У меня там осталась своя квартира, двухкомнатная, отдельная. Мне до нее отсюда пять часов лететь, а потом еще целый день трястись на спецавтобусе до КПП. Зато там у меня в квартире есть все: прекрасная румынская мебель, шикарные узбекские ковры, прекрасный вид на реку с балкона и на тайгу из окон. Не надо годами стоять в очереди, чтобы получить свой угол. Не надо мыкаться по отделам кадров в поисках работы, а потом таскаться на эту работу полтора часа в одну сторону в битком набитом транспорте. Меня там после окончания института ждет высокооплачиваемая работа на том же заводе, где работали мама и папа. До проходной десять минут пешком от дома. Рабочий день — шесть часов. В магазине — пять видов колбасы и столько же сыра. Очередей никогда никаких…
- Просто сказка какая-то про коммунизм! — улыбнулась я Катьке.
— Да, сказка! Только уже не для меня она, эта сказка!
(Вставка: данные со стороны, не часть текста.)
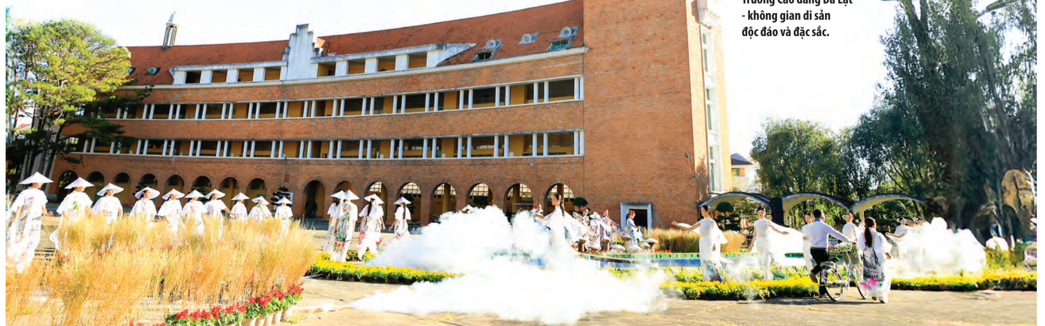
Trường Cao đẳng Đà Lạt - không gian di sản độc đáo và đặc sắc.

Она полезла в ящик кухонного стола и вытащила оттуда сигареты и зажигалку. Раньше я Сибирскую Катьку курящей никогда не видела.
- Я этот институт заканчивать не буду. И в дом свой родной, теплый и любимый, не вернусь никогда. Я хочу успеть родить минимум двоих здоровых и наглых детей. Я хочу успеть понянчить внуков. Как только приехала в Москву, я поняла, что по накатанной другими дороге не поеду. Буду выбираться своей колеей, как пел Владимир Семенович Высоцкий. В восемнадцать лет я добралась наконец до этой гребаной Москвы. До этого я была здесь только два раза с мамой по дороге на Черное море. Тогда я маленькая была и ни хрена не помню. Теперь увидела все: грязный, мерзкий, злобный город. Но если уже жить в этой стране, то только в Москве! Или…
- Что «или»?
- Или дальше, на Запад! Ты заговорила о том, кто с чего начал? Твой отец начал с директора своего НИИ, другие — еще с кого-то. Я начала с того, что продала свою невинность! А точнее, выгодно ее обменяла…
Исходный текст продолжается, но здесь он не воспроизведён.